In 1889 a European hunter, Willi Posselt, travelled to Great Zimbabwe after hearing about it from another European explorer, Karl Mauch. He climbed to the highest point of the ruins despite being told that it was a sacred site where he should not trespass, and found the birds positioned in the centre of an enclosure around an apparent altar. He later wrote:

Each one, including its plinth, had been hewn out of a solid block of stone and measured 4 feet 6 inches in height; and each was set firmly into the ground. There was also a stone shaped like a millstone and about 18 inches in diameter, with a number of figures carved in the border.

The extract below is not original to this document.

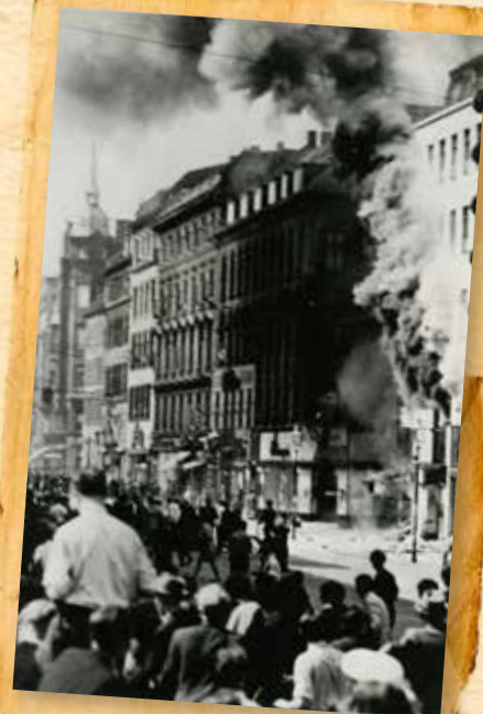
Afbrændingen af Bulldog var et sandt inferno. Flere mennesker var ved at blive trampet ihjel, da varehuset blev stormet, og mens ilden rasede dukkede medlemmer af Schalburgkorpset op og skød vildt omkring sig.

Da københavnere dertil følte sig forulempet af sprængningerne af Spejlsalen i Tivoli og Borgernes Hus den 24.-25. juni, var målet fuldt, og hovedstadens befolkning begyndte at rejse sig mod besættelsesmyndighederne ved at bygge barrikader og tænde bål i gaderne, hvilket det tyske politi besvarede ved at åbne ild mod de sammenstimle-

I selected the best specimen of the bird stones, the beaks of the remainder being damaged, and decided to dig it out. But while doing so, Andizibi [a local tribesman] and his followers became very excited and rushed around with their guns and assegais. I fully expected them to attack us. However, I went on with my work but told Klass, who had loaded two rifles, to shoot the first man he saw aiming at either of us.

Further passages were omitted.